Search code examples
excelvbauniqueuniqueidentifierdistinct-values

Unique Count Formula for large dataset


I am having trouble determining a way to enter a 1 or 0 into an adjacent cell to indicate whether or not a value is unique when working with a large dataset. I have read of multiple methods for accomplishing this, however none of them seem efficient for my purposes: I am using an instance of Excel 2010 (so I do not have the Distinct Count feature in PivotTables, and when I try to use PowerPivot it crashes my file due to processing limitations.

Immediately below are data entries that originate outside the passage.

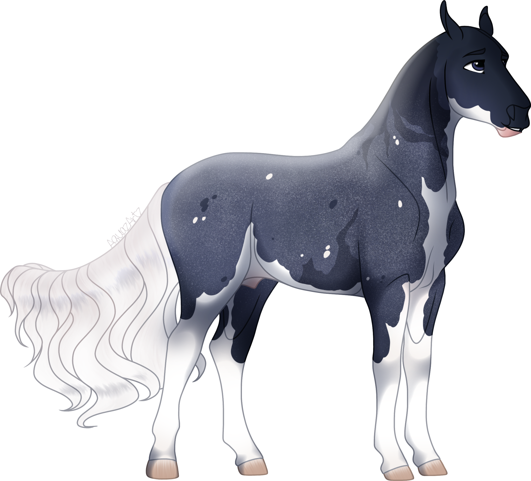Waylan is a very sporty looking fella, with a strong build, but slim body. He has dreamy navy blue eyes, that match his coat, with light mutations covering parts of his body. He has little birdcatcher spots with splash markings, and a long silky tail, that is typically groomed out and smooth. He typically stands tall and proud, and is seventeen hands (17hh) at the withers.
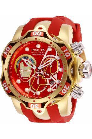 Band For Invicta Marvel 27176, Band Material Silicone, Stainless Steel, Band Color Red, Gold, Band Width 26 mm, Band Length 210 mm, Buckle Type Buckle, Clasp Type Regular
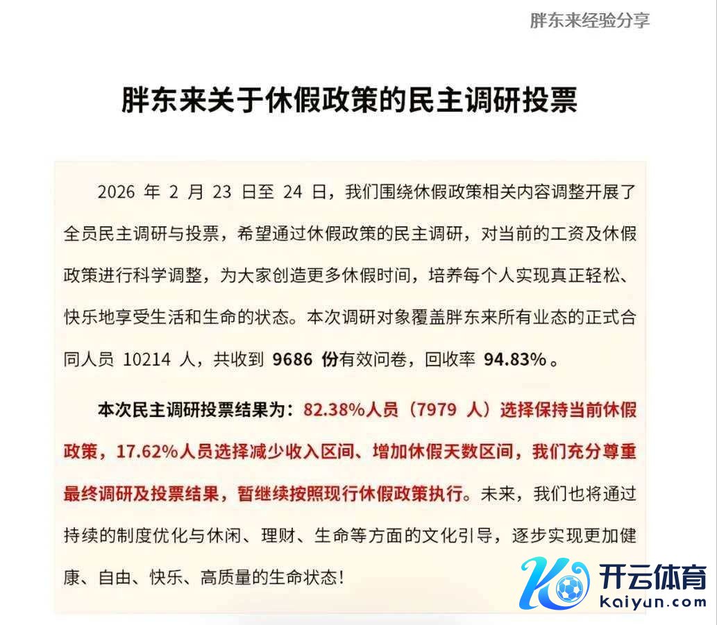 都鲁壹点:胖东来公布万东说念主投票:超8成职工拒降薪增假,现年休40天、日责任7小时

In this StackOverflow question: Simple Pivot Table to Count Unique Values there are suggestions to use SUMPRODUCT or COUNTIF, but when working with 50,000+ rows as I am, this causes terrible performance and a file size of ~35 MB instead of ~3 MB. I wanted to know if there is a better solution for a large, dynamic dataset whether it is a formula or VBA.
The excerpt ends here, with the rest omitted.